GT160-246 treatment of hamsters with C. difficile colitis. Hamsters were infected with C. difficile on day −1 and received 10 mg of clindamycin subcutaneously on day 0. Hamsters received saline alone (n = 10) or GT160-246 at 500 mg/kg/day (n = 10), 1,000 mg/kg/day (n = 10), or 1,500 mg/kg/day (n = 10) orally on days 1 through 7. Hamsters were observed for clinical signs of disease and mortality through day 14.

FIG. 4

Metronidazole treatment of hamsters with C. difficile colitis.

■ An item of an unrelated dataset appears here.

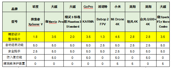 輔助設(shè)計(jì):小米“Mi Drone 4K”占絕對優(yōu)勢。在失聯(lián)時(shí)自動(dòng)返航,防侵入功能和螺旋槳保護(hù)裝置三個(gè)方面的設(shè)計(jì)較其他產(chǎn)品優(yōu)勢突出。

Hamsters were infected with C. difficile on day −1 and received 10 mg of clindamycin per kg subcutaneously on day 0. Hamsters received 210 mg of metronidazole per kg per day orally (n = 5) on days 1 through 5. Hamsters were observed for morbidity and mortality through day 14.

FIG. 5

GT160-246 pretreatment protects hamsters from mortality from C. difficile colitis. (A) Hamsters were infected with C. difficile on day −1 and received 10 mg of clindamycin per kg subcutaneously on day 0. Hamsters were treated with saline (n = 10), 1,000 mg of GT160-246 per kg per day (n = 10), or 1,000 mg of cholestyramine per kg per day (n = 10) orally on days −2 through day 4. They were observed for morbidity and mortality through day 7. (B) Hamsters were treated with saline (n = 10) or GT160-246 at 500 mg/kg/day (n = 10) or 1,000 mg/kg/day (n = 10) orally from day −2 through day 4. They were observed for development of morbidity and mortality through day 15.

FIG. 6

GT160-246 treatment prevents histological damage caused by C. difficile. Representative histological sections from ceca of each treatment group are shown. (A) Noninfected hamster. (B) Noninfected hamster administered GT160-246. (C) C. difficile-infected hamster. (D) C. difficile-infected hamster treated prophylactically with 1,000 mg of GT160–246 per kg per day orally.